Vulcan!
- Author: Kathleen Sky
- Cover artist: Bob Larkin
- Language: English
- Subject: Star Trek
- Genre: Science fiction
- Publisher: Bantam Books
- Publication date: September 1978
- Publication place: United States
- Media type: Print (Paperback)
- Pages: 175
- ISBN: 0-553-12137-5
- Preceded by: Planet of Judgment
- Followed by: The Starless World

= Vulcan! =

1978 novel by Kathleen Sky

Vulcan! (1978) is a science fiction novel by American writer Kathleen Sky, a tie-in of Star Trek: The Original Series. The book is an adaptation of an unproduced spec script by Sky.

== Production ==
Kathleen Sky submitted a spec script to the producers Star Trek during the production the show's third season. She was informed the script might be produced the following season. However, the series was cancelled late in the third season's production.

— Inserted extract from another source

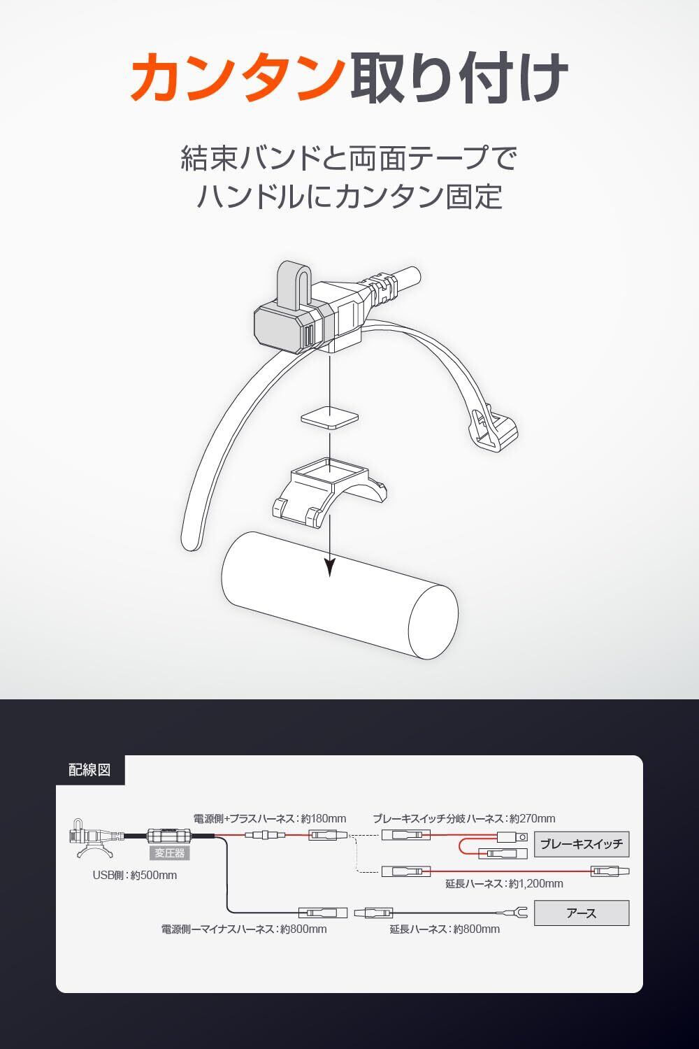 【仕様2】ブレーキスイッチに接続するだけの簡単接続。メインキー連動だから、バッテリーあがりの原因となる待機電流消費がありません。

Editors at Bantam Books recruited Sky to contribute a Star Trek tie-in novel sometime after 1976. She opted to adapt her unproduced script. David Gerrold, the writer of the episode "The Trouble with Tribbles", wrote a foreword to the novel. Sky's husband, Stephen Goldin, also wrote the tie-in novel Trek to Madworld, also published by Bantam.

As of 2008, a first edition copy of Vulcan! was valued up to .

== Plot summary ==
Ion storms have caused the boundaries of the Neutral Zone between the Federation and Romulans to shift. The planet Arachne IV, inhabited by a strange ant-like race, could be lost to the Federation due to the changes in space. However, Mr. Spock goes on a death-defying assignment into a war of ant-like creatures along with a scientist who dislikes Vulcans.

== Reception ==
A bibliographic note in the December 1979 edition of Science Fiction and Fantasy Book Review explained that "Sky ascribes more emotion to Spock than is logical under the circumstances [of the plot]".